Comments Outside Diff (2)

backend/routers/transcribe.py, line 1131-1145 (link)

Retry count incremented even when actual retry is impossible

After a ConnectionClosed exception, pusher_connected is set to False on line 1119. The code then falls through (past the try/except) to this retry check. For any timed-out entries, info['retries'] += 1 is called, then await request_conversation_processing(cid) is invoked. But inside request_conversation_processing, since pusher_connected is False, the function hits the early-return branch and does nothing — it does not reset sent_at. On the very next loop iteration, not pusher_connected causes a continue back to the top, so the timer is never reset for these entries.

The practical consequence: every ConnectionClosed event that coincides with a timed-out pending request burns a retry without actually retrying. With MAX_RETRIES_PER_REQUEST = 3, three connection drops can exhaust all retries in seconds and cause the conversation to be permanently given up.

Fix: guard the retry block so retries are only incremented when the connection is actually usable, or only increment info['retries'] inside request_conversation_processing after a successful send:

# Retry timed-out pending requests (handles silent WS death)
now = time.time()
if pusher_connected and pusher_ws:  # Only retry when we can actually send
    timed_out = [
        cid
        for cid, info in list(pending_conversation_requests.items())
        if now - info['sent_at'] > PENDING_REQUEST_TIMEOUT
    ]
    for cid in timed_out:
        info = pending_conversation_requests.get(cid)
        if not info:
            continue
        if info['retries'] >= MAX_RETRIES_PER_REQUEST:
            logger.error(
                f"Conversation {cid} failed after {MAX_RETRIES_PER_REQUEST} retries, giving up {uid} {session_id}"
            )
            pending_conversation_requests.pop(cid, None)
            continue
        info['retries'] += 1
        logger.warning(
            f"Retrying process_conversation for {cid} (attempt {info['retries']}/{MAX_RETRIES_PER_REQUEST}) {uid} {session_id}"
        )
        await request_conversation_processing(cid)

backend/tests/unit/test_pusher_conversation_retry.py, line 59-73 (link)
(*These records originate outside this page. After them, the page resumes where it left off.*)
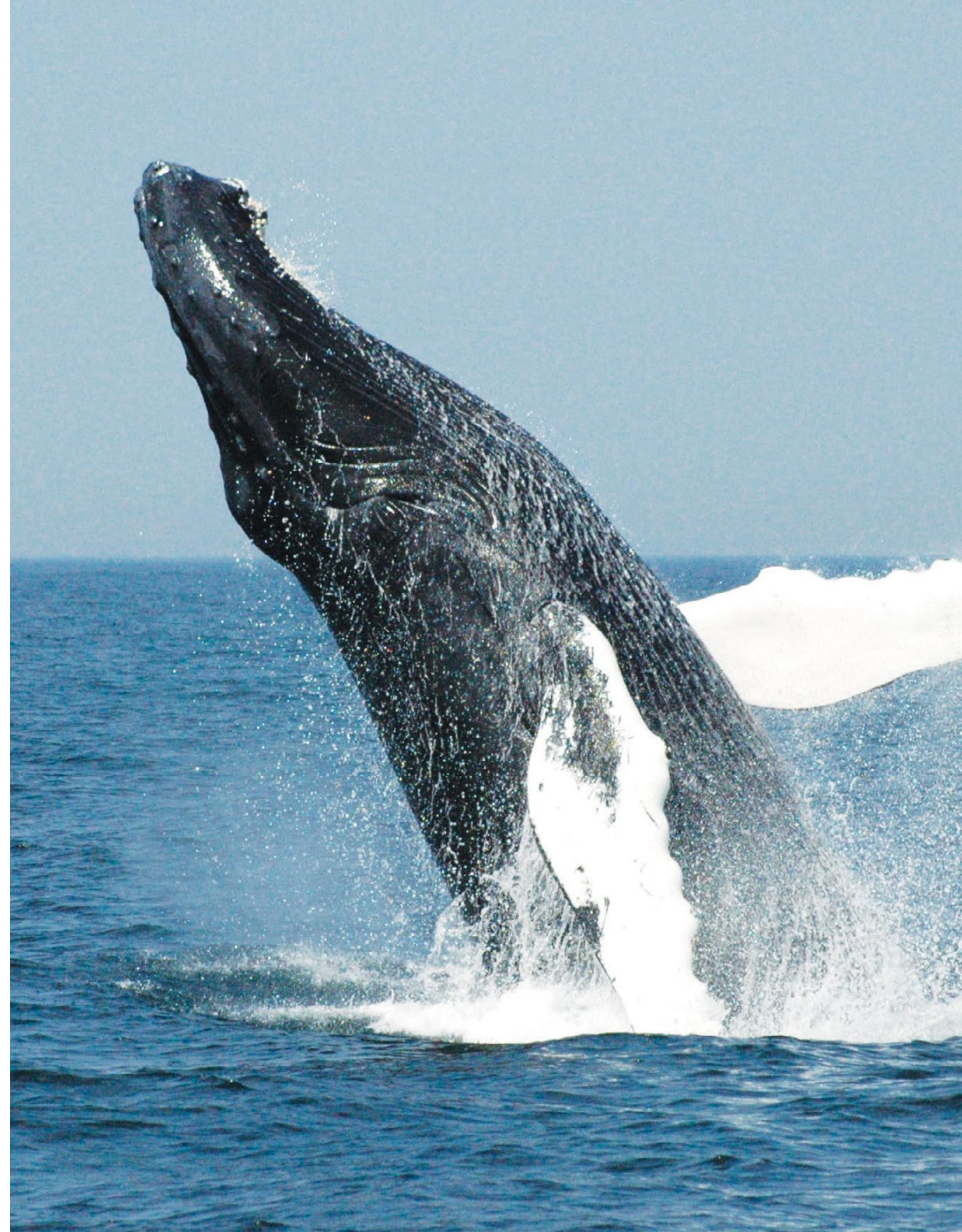
Next Page: A humpback whale breaching.
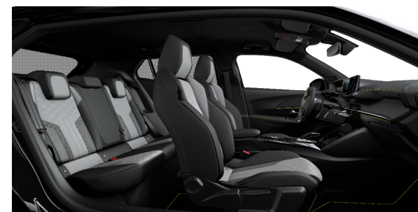
GT Premium - 2AFX
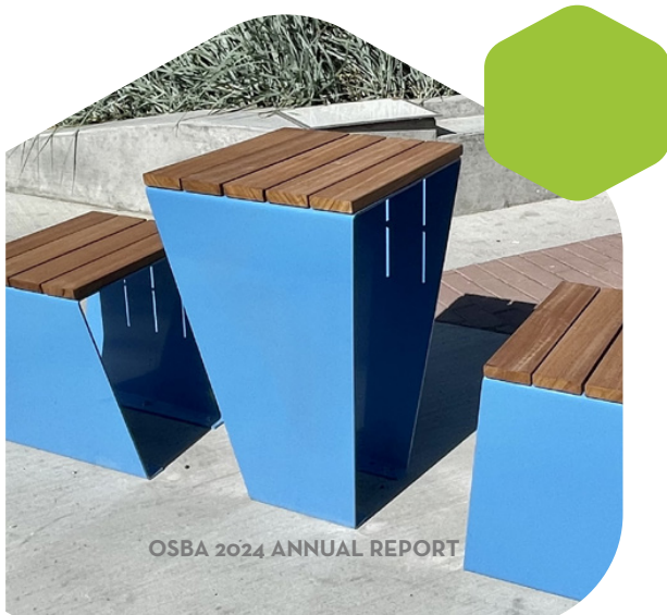
OSBA 2024 ANNUAL REPORT

Along with the successes, the completion of this project also provided us learning opportunities. As we’ve never owned permanent furniture before, we needed to establish a schedule for cleaning, maintenance, and repairs. We contracted social enterprise Hire Good to provide snow and graffiti removal and litter pickup, cleaning the parklets an average of three days per week and employing eight people. Next year, after we’ve had the street furniture for a full year, we will create a strategy that outlines the procedure, schedule, and budget required for maintenance and repairs.
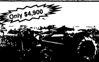
IH 404 w/Loader Runs Great
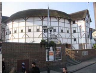
Replica of Shakespeare's Globe Theater, London
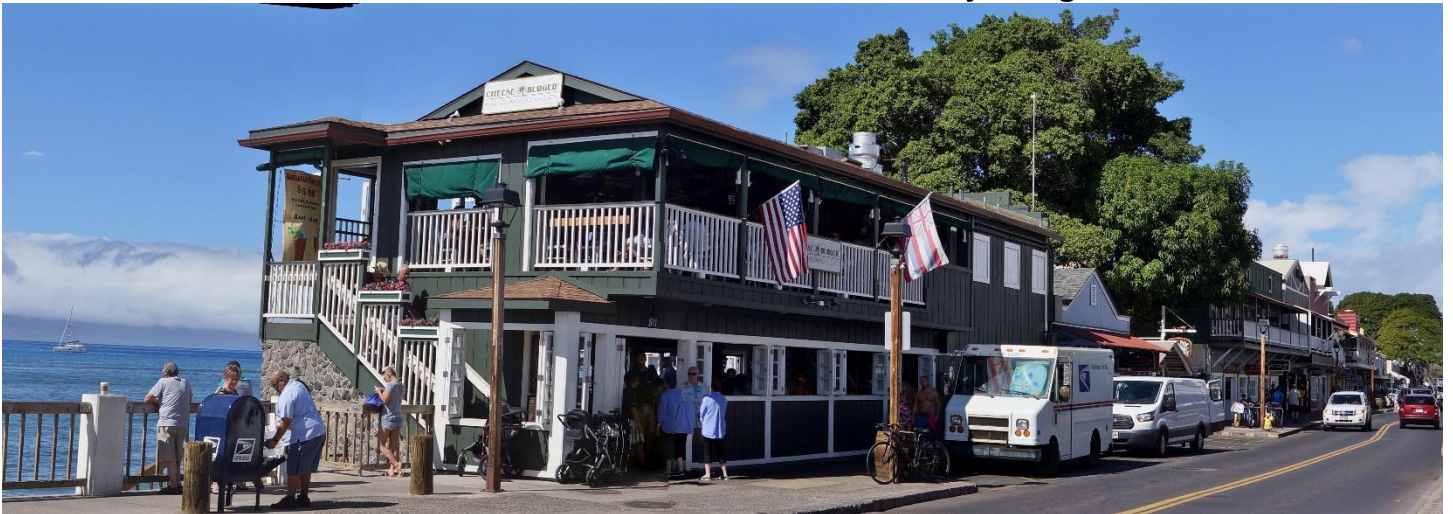
The walkway goes almost to the largest city on the island, Lahaina.
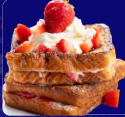
FILLED FRENCH TOAST
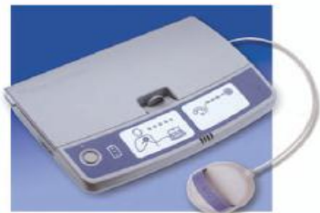
Medtronic CareLinkモニター及びアンテナ
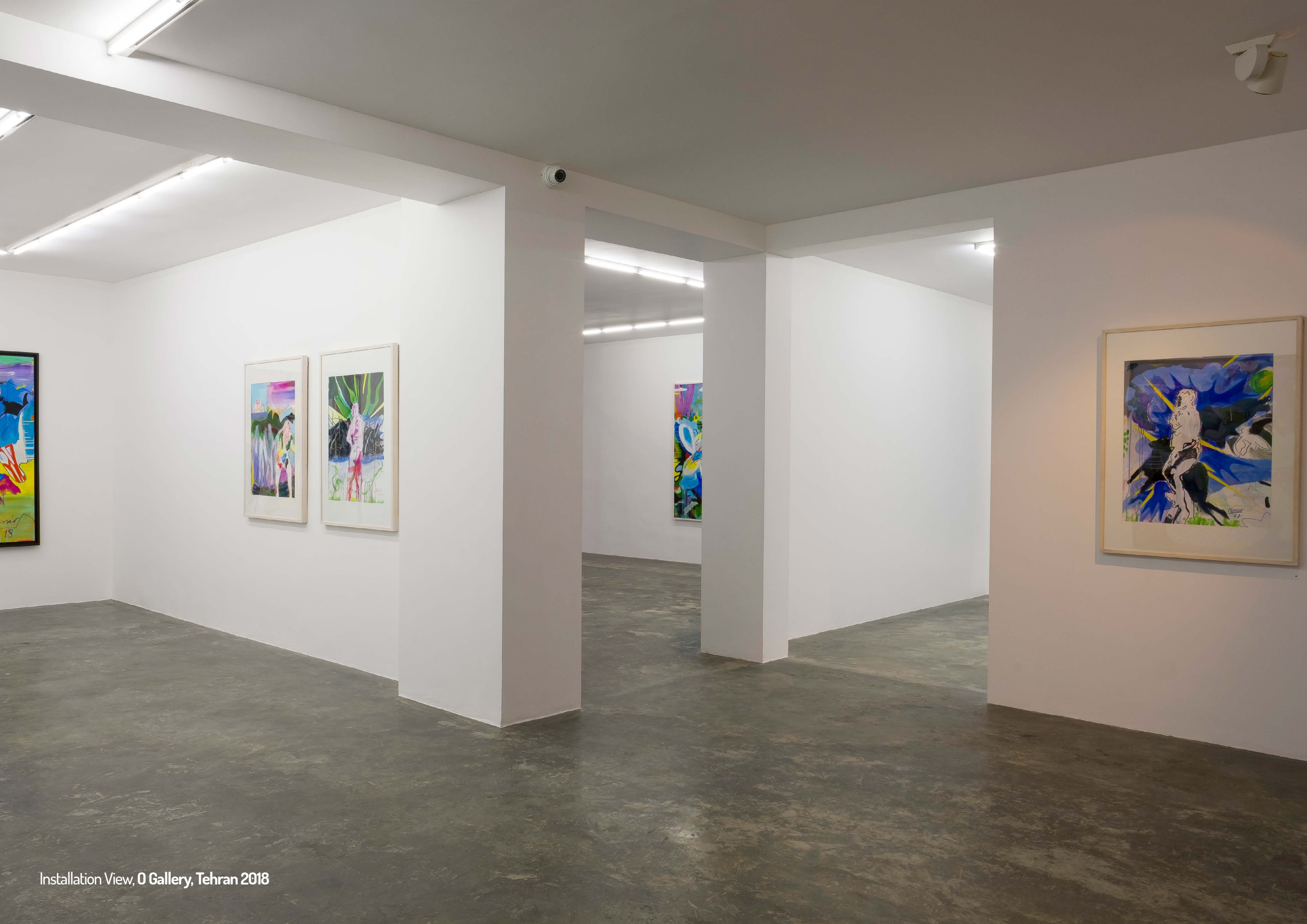
Installation View, O Gallery, Tehran 2018
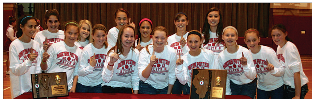
TOP: The 2016-2017 Lady Potters won their 3rd consecutive 3A IHSA State Championship title. BOTTOM: The 2012 MJHS Girls Basketball team.
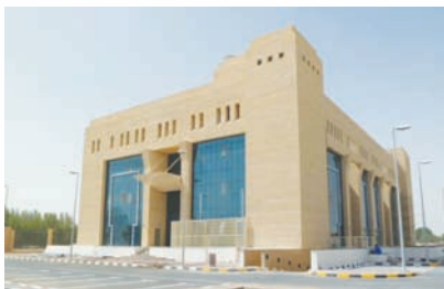
Ruwais Police Station
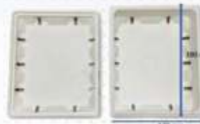
Fruit Box 5KG
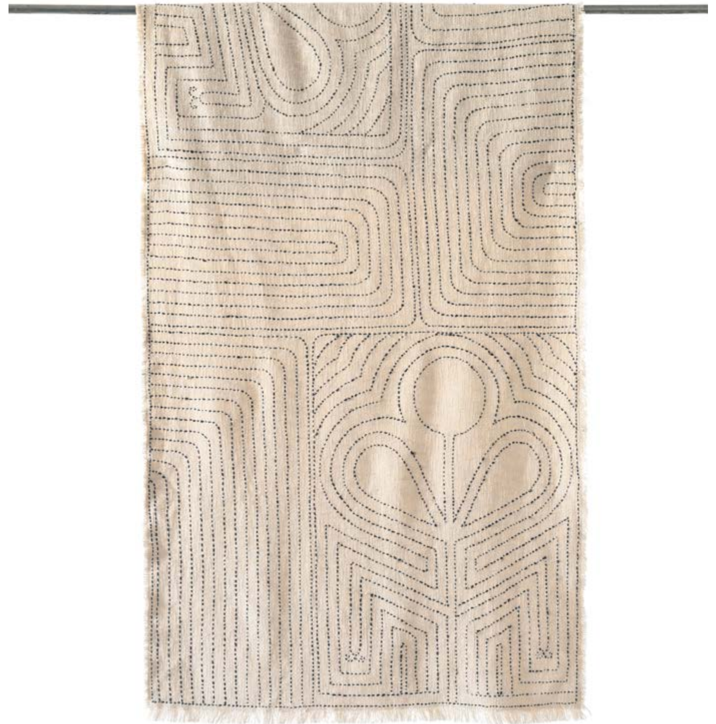
Koharu Throw T-2336-24
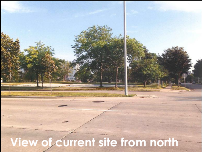
View of current site from north

File No. 131373. An ordinance relating to the change in zoning from Multi-Family Residential to a Detailed Planned Development known as the Sojourner Family Peace Center, for new construction, on land located at 619 West Walnut Street, in the block bounded by West Walnut Street, North 6 th Street, West Galena Street and North 7 th Street, in the 6 th Aldermanic District.
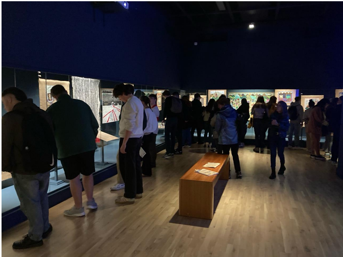
Students from Ulster University take some time to look through the exhibition individually, connecting with and reflecting on the pieces on display.
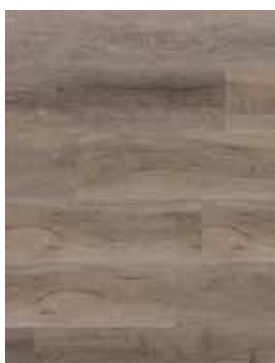
Light Driftwood NP524

Test helper diverges from production behavior on disconnected retry

The _check_timed_out_requests helper resets info['sent_at'] = now directly (line 69), but in production (transcribe.py), the sent_at reset happens inside request_conversation_processing — only when the pusher WebSocket is connected and the dict is updated before the send. If pusher is disconnected during a timed-out retry (the bug described in the main comment), sent_at is never reset and the helper's behaviour diverges.

This means tests like test_timeout_retry_increments_count and test_timeout_multiple_requests pass while not covering the disconnect-during-retry edge case. Consider adding an integration-style test that simulates a ConnectionClosed mid-retry to catch the retry-count exhaustion issue.

_{Last reviewed commit: 9f31394}

greptile-apps · 2026-03-08T01:41:54Z

backend/database/users.py

@@ -88,8 +98,10 @@ def get_people_by_ids(uid: str, person_ids: list[str]):
    for i in range(0, len(person_ids), 30):
        chunk_ids = person_ids[i : i + 30]
        people_query = people_ref.where("id", 'in', chunk_ids)


Legacy documents silently excluded by get_people_by_ids

This query filters on the id field stored inside the document data. For legacy person documents that were created without an explicit id field in their data (only the Firestore document key), this query will return no results — setdefault('id', person.id) only helps after a document is already fetched, not during the query itself.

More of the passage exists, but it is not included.